La conoció en los campos que con su hermano heredó de su padre, junto al mar, cerca del pueblo. Había estado recorriendo a caballo un potrero algo alejado, inspeccionando a las ovejas madres y el estado de los corderos, muchos de ellos con pocos días de vida. Cuando volvió a la casa y se bajó de la yegua tobiana, su esposa salió a recibirlo diciéndole que su hermana menor había llegado. “Se quedará varias semanas para hacerme compañía y ayudarme con el niño” le dijo.  Fue en la primavera de 1923.


Le impresionó su figura y su simpática sonrisa; cuando se dieron la mano quiso retener la de la joven, pero solo le dio un suave apretón y balbuceó palabras de una formalidad.

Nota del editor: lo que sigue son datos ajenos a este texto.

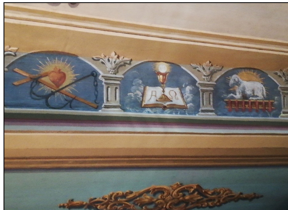
Freski z kościoła z ksiąg Starego Testamentu - Biblia ubogich.

Con los días se incrementó el atractivo que sintió por la visita. Aprendió a disfrutar de su risa, cuando jugaba con el niño. Con frecuencia ella se volvía hacia él, preguntándole sobre el trabajo de la estancia, sobre las aves que rodeaban la casa o se estacionaban en la pequeña vega cercana, sobre la peligrosidad de los pumas que merodeaban en la estepa, o sobre las costumbres de los choiques, de los zorros y de los hurones. Él contestaba y se divertía con la curiosidad de la joven, pero se preocupó cuando notó que buena parte de las conversaciones en el interior de la casa, las protagonizaban ellos dos.


Recordó que acostado a la noche en la cama que compartía con su esposa, trataba de imaginar la posición en que dormía en el dormitorio contiguo. Años más tarde se acostumbró a que estuviera de espaldas, con sus piernas estiradas bajo las sábanas.  “Siempre fue así?” le sabía preguntar. “Siempre; … esperándote” le constaba ella y le sonreía.


El día anterior a que se fuera =  volvía a San Julián, donde estaba su madre con otra hermana = él estaba solo en el galpón de esquila. El peón había partido a caballo para rodear un pequeño piño de capones y arrearlos hacia el potrero donde guardaban los animales para faenar. Aprovechaba estos ratos de tranquilidad para ordenar el área de trabajo, enmendar una empalizada, levantar un tramo de alambrado, podar la rama de un árbol que impedía el paso. 


Estaba en estas ocupaciones cuando apareció ella.


“Me voy ahora, le dijo, y me despedía de las cosas”  “Los días han pasado muy rápido desde que estás aquí. Espero que vuelvas”. “No se si podré, pero tu nos podrías visitar en San Julián”.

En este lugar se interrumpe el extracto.